- Music
- 05 Sep 05
No longer the angry young man who heralded A Century Ends, nor the underdog troubadour we took to our hearts and our homes with White Ladder, the David Gray of 2005 is something like a phenomenon.
No longer the angry young man who heralded A Century Ends, nor the underdog troubadour we took to our hearts and our homes with White Ladder, the David Gray of 2005 is something like a phenomenon.
In many ways, Ireland has turned David Gray into our own personal fattened calf. We fed him from our table before the rest of the world would even offer him scraps.
We built him up as the voice of a generation and made it so that you couldn’t enter a restaurant, sports shop or taxi without hearing the strains of ‘Please Forgive Me’ or ‘Babylon’.
That year’s love, indeed. With A New Day At Midnight, it seemed that our calf was ripe for the slaughter. Suddenly, he was downbeat and reflective.

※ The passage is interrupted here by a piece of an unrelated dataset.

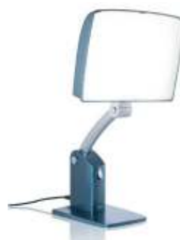
CAREX DAY-LIGHT SKY LIGHT THERAPY LAMP

This was a record that peddled loss and loneliness when the majority of newly Gray-ing aficionados wanted love, hugs and midnight kisses.
And so to Slow Motion...I must confess, my initial thoughts on hearing this album was that it wasn’t so much Slow Motion as stuck in a rut.
But Gray’s songs have never been about immediate affection. Theirs is a much more seductive embrace, denying the listener instant gratification in lieu of a far longer-lasting love affair. And so it proves again.
Doubtless you’ve already heard lead single, ‘The One I Love’, whose gently lilting melody attaches itself to your inner ear like a limpet-mine, refusing to let go until it’s exploding and reverberating around your head at the oddest times of the day and night.
It’s soon to be joined by ‘Ain’t No Love’, a torch song par excellence which refutes simple sentimentality in favour of a far more realistic and human array of emotions. It is sure to be starring on a radio station near you before the end of the year.
‘Alibi’, ‘Nos Da Cariad’ and ‘Lately’ are classic Gray. On first listen, they seem safe and inoffensive. Soon, though, they mutate into completely different monsters altogether. The kind of creatures that inhabit your subconscious, revealing themselves when the lights are out and you’re trying to sleep.
‘From Here You Can Almost See The Sea’ finds our normally gravel-tonsilled hero adopting a tremulous falsetto for the first time in ages.
The title track, meanwhile, has ‘live favourite’ written all over it, while the closing ‘Disappearing World’ is among the most beautiful songs Gray has ever delivered.
Musically, there’s nothing terribly innovative about Life In Slow Motion. This 10-song collection isn’t about bells, whistles or drum machines. Live with it for a while and its real beauty starts to shine through.